Reiterate BUY with trimmed target price from US$185 to US$181, equivalent to HK$177 for H-share.
Key Factors for Rating
3Q22 revenue increased by 2% YoY to RMB32.5bn, beating market consensus by 2.4%, despite Covid lockdowns in August and September. Online marketing service revenue reached RMB19.9bn, down 5% YoY mainly due to the regional lockdowns hindering offline advertisements such as travel and franchising verticals and weak macro economy curbing advertisers’ budgets. Non-marketing revenue from Baidu core increased by 16% YoY, mainly driven by 24% YoY growth of AI cloud revenue to RMB4.5bn, well ahead of industry average level.
Non-GAAP net income increased by 16% YoY to RMB5.9bn, beating consensus by 7%, representing a net margin of 18.1%, up by 2ppts YoY. We attribute this mainly to business line optimisations such as realigning the cloud business and focusing on cloud business with higher margin within Baidu core and content cost reductions by iQIYI, coupled with well controlled SG&A expenses (declined 32% YoY). Mobile ecosystem provides the stable cash flow continuously for investments of AI and intelligent driving. Management also indicated to continue the efforts to narrow the loss in AI cloud.

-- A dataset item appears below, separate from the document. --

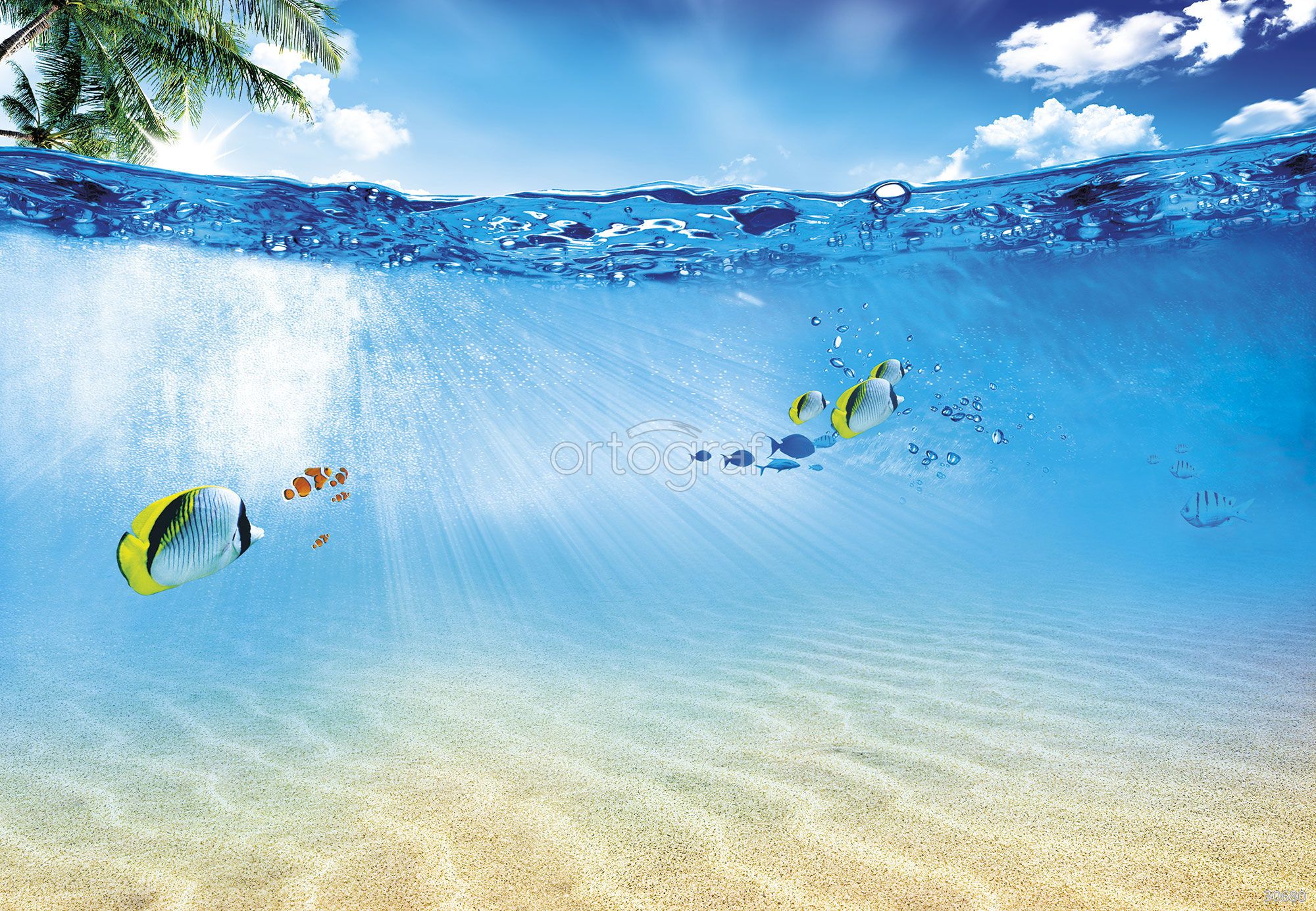 Морское дно с лучами света, которые проникают через водную гладь, и плавающими тропическими рыбами создает ощущение легкости, простора и умиротворения. Такое изображение помогает визуально увеличить пространство, формируя атмосферу спокойствия и отдыха. Отлично подойдет для оформления помещений с целью создания атмосферы свежести и легкости.

Margin improvement despite revenue slowdown: 1) AI Cloud revenue growth slowed down to 24% YoY (vs 45% YoY in 1Q22 and 31% in 2Q22), mainly impacted by COVID restrictions impeding the bidding for new contracts and deployment of existing projects. 2) Adjusted operating profit margin increased by 7ppts YoY to 22%, among which, Baidu core’s adjusted OPM was up 3ppts YoY and iQIYI’s adjusted OPM turned positive.
Earning revisions: we revised up our FY22-24E revenues by 0.6%/0.5%/0.5% and adjusted up FY22-24E non-GAAP earnings by 7.1%, 1.0% and 1.1% respectively, mainly including 3Q22 non-GAAP earnings which is better than our previous estimate.
We reiterate BUY, and revised down our target price from US$185.00 to US$181 based on SOTP valuation methodology with updated forecast and applying 10x PE for FY22/23 ad business and 5x P/S (vs previous 7x) for FY22/23 Cloud business.
Key Risks for Rating
Macroeconomic slowdown; stricter regulatory environment; intensified industry competition; higher-than-expected R&D costs; risks associated with the landing of AI-related projects; higher-than-expected traffic acquisition costs and margin drag from iQiyi.